謝盈萱 被戲劇解放的努力靈魂

聯合報 採訪、撰文/陳昭妤 2021/10/18 17:54

緊盯著手機裡的訪題,謝盈萱整整裙子坐下,在此之前,她剛完成了新戲「四樓的天堂」記者會,似乎是還沒從戲中諮商師的身分抽離,她端坐在木椅前三分之一,有些緊張地抬頭望了望眾人,「我昨天凌晨五點才睡。」是失眠嗎?「算是吧,我想説把每一個訪綱都看完寫下答案,比較安心。」

「我不是很會講話的人。

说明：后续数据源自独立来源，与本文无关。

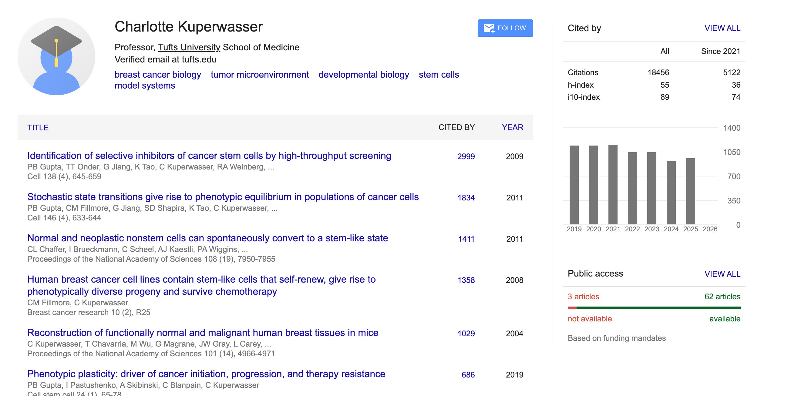 These papers are from some heavy hitters. Charlotte Kuperwasser and Wafik El-Deiry are both on the ACIP committee. Both well cited with high h-index publication careers. Charlotte is a Professor Developmental, Molecular and Chemical Biology at Tufts University School of Medicine and Tufts is no genomics slouch. Illumina was founded out of Tufts from David Walts lab. Charlotte is a tissue engineering specialist exploring human organoids to better understand Breast cancer.
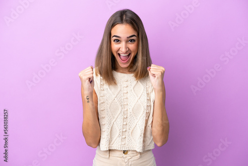 Young caucasian woman isolated on purple background celebrating a victory in winner position
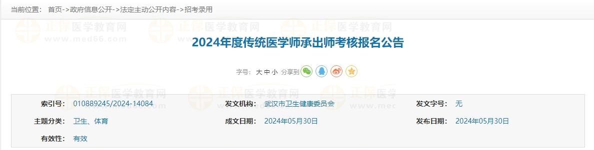 湖北省武漢市2024年度傳統(tǒng)醫(yī)學(xué)師承出師考核報(bào)名公告已發(fā)布,參加報(bào)名的考生請于2024年6月1日起登錄湖北衛(wèi)生人才網(wǎng)進(jìn)行報(bào)名,醫(yī)學(xué)教育網(wǎng)小編為大家整理官方通知如下:
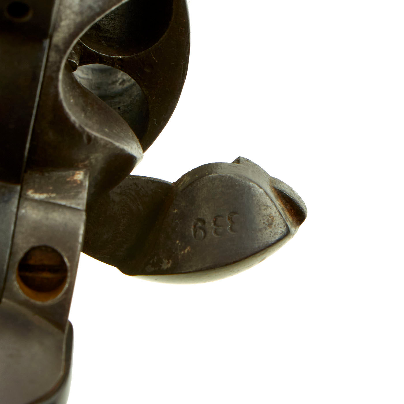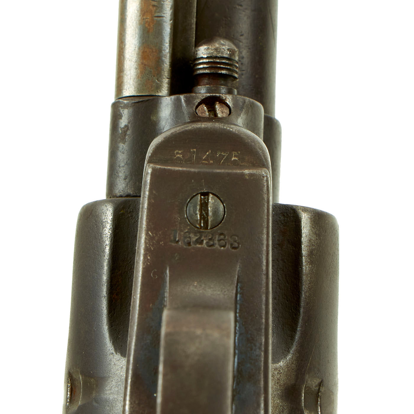 The revolver's serial number is 51475, marked on the frame, which indicates manufacture in 1879. It also has shortened number 1475 on the cylinder, which Colt stopped marking in 1883. The grip frame and trigger guard are marked with a different serial number, 162363, which indicates 1895 production, so the trigger guard and grip frame were swapped out, a common occurrence in the old west. The loading gate is marked with assembly number 339.

」她露出有些擔心的笑容,「不過,就看我們能一起走到哪裡吧!」放下手機,她像是為自己著好盔甲,等待上場作戰一般。但隨著談話行進,卻發現她每個深思熟慮下,都藏著直率和幽默。工整的摩羯座裡,埋有雙子座的跳躍,雖造成些許裂縫,卻也因此讓她滲透出某種獨特。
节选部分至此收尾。